HUFFINGTON POST: Misleading Assurances in the Corinthian-ECMC Deal
Career College Central Summary:
Student loan debt collection company ECMC has just begun its takeover of 56 campuses of the failed, predatory for-profit Corinthian Colleges. But already, assurances from both federal government officials and ECMC itself regarding protections for students in the deal appear to have been highly misleading. A brand-new Everest College enrollment agreement, seen by Republic Report, combined with other information, suggests that the deal is worse for students than has been promised.

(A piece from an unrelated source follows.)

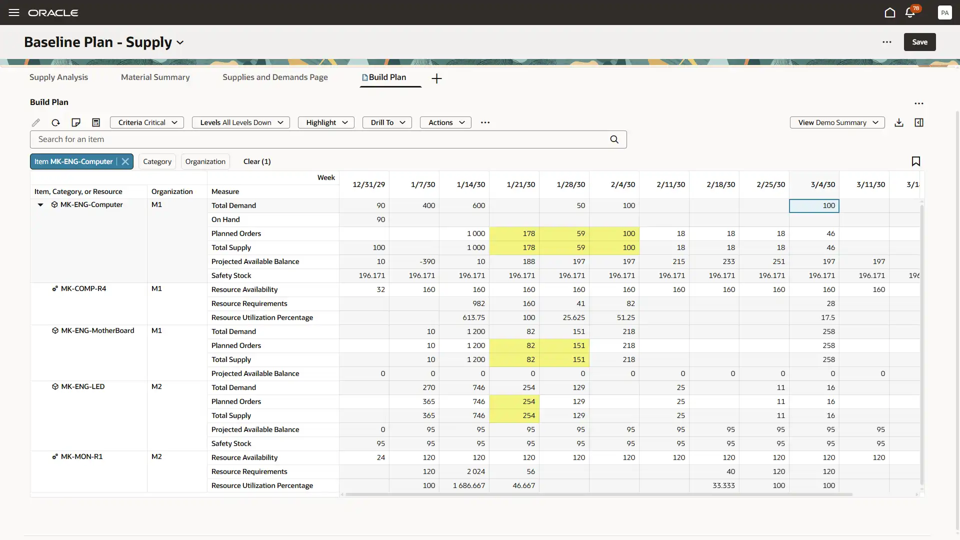 Oracle Supply Planning determines the inventory, capacity, and material supply required to meet demand, including drop shipments, back-to-back orders, and contract-manufactured items. It also highlights exceptions such as demand compression, material shortages, and resource overloads that can put demand at risk. As you choose from proposed expediting actions, capacity increases, and other interventions, you can see their financial and customer service impact.

A striking example is a provision of this new enrollment agreement document, which is presented under the header "Everest College, An affiliate of Zenith Education Group, Inc." Zenith is the new non-profit college subsidiary of ECMC, and the provision in question concerns students' rights when they have a dispute with the school. ECMC, in its agreement this month with the U.S. Department of Education, dropped its determined insistence that students be required to surrender their rights to take disputes to court and instead be required go to a private arbitrator. ECMC's change of course was presented to the public and media as an important concession to students and their advocates (including me), as well as some members of Congress, who had emphatically argued that such mandatory arbitration agreements harm students and are typical of predatory for-profit colleges like Corinthian but not used by legitimate non-profit schools, as Zenith aspired to be. While student advocates still objected to the deal's ban on class action lawsuits — which allow students to bring claims on behalf of all of those harmed in a similar way — they were pleased that at least students would be able to go to court.

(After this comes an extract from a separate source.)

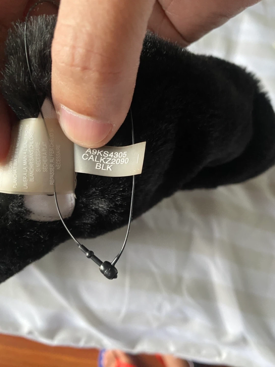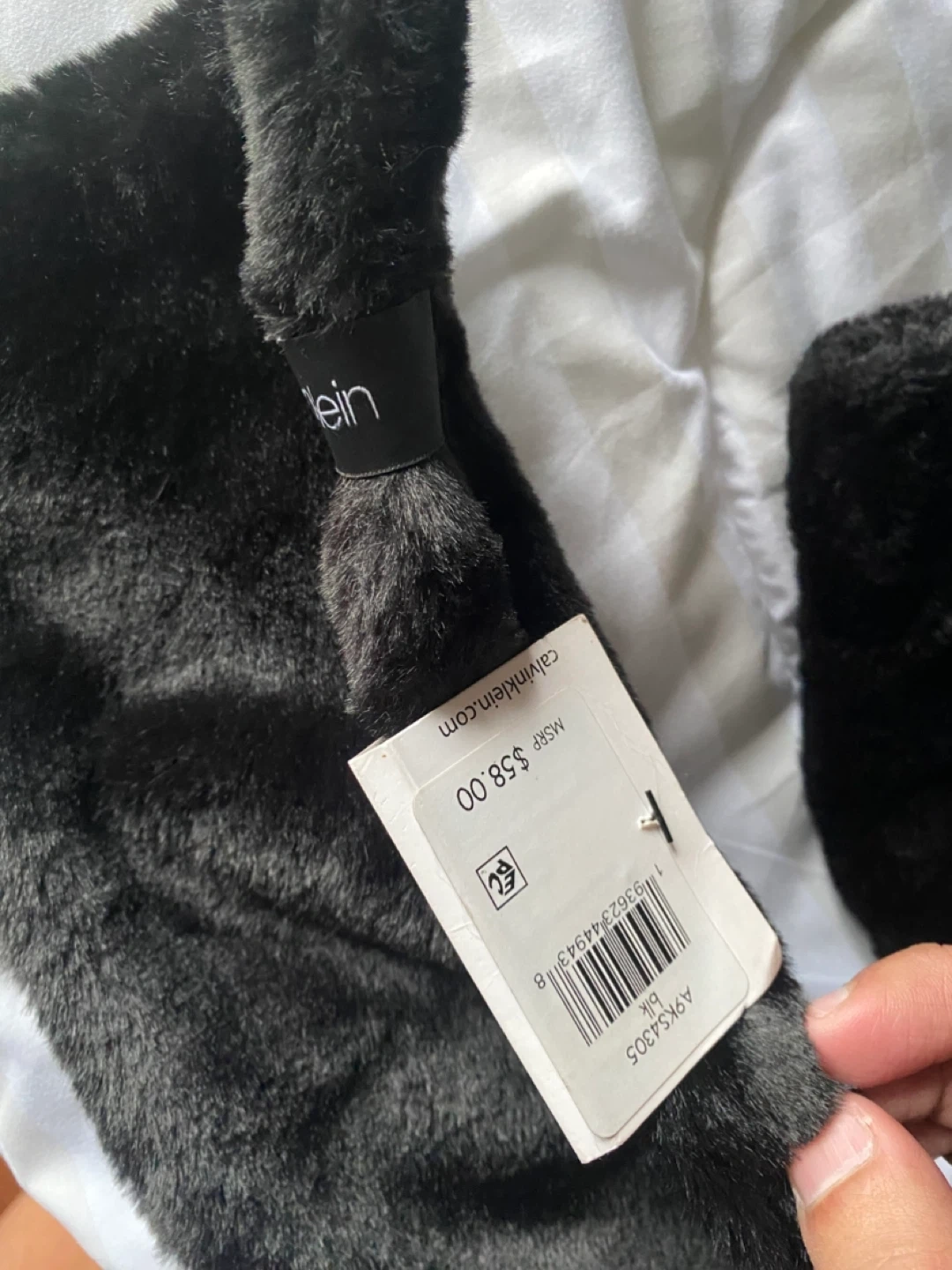 This is a black Calvin Klein scarf made of faux fur. It's 100% polyester. Perfect for keeping warm on chilly days!

But what no one told us is a critical point in the the new Everest/Zenith agreement: Students must agree to give up the right to a jury trial. The agreement reads, "By my signature, I acknowledge that I understand that both I and The School are irrevocably waiving rights to a trial by jury." An addendum reiterates, "IN THE EVENT THAT YOU ELECT TO BRING A CLAIM IN COURT, YOU AGREE TO WAIVE YOUR RIGHTS TO A JURY TRIAL AND THAT THE CLAIM SHALL BE SUBMITTED TO A JUDGE ONLY AND NOT TO A JURY." Prohibiting students from presenting their claims to a jury takes away a major aspect of their right to sue in the first place. Yet that was never publicly explained when ECMC and the Department of Education announced the deal.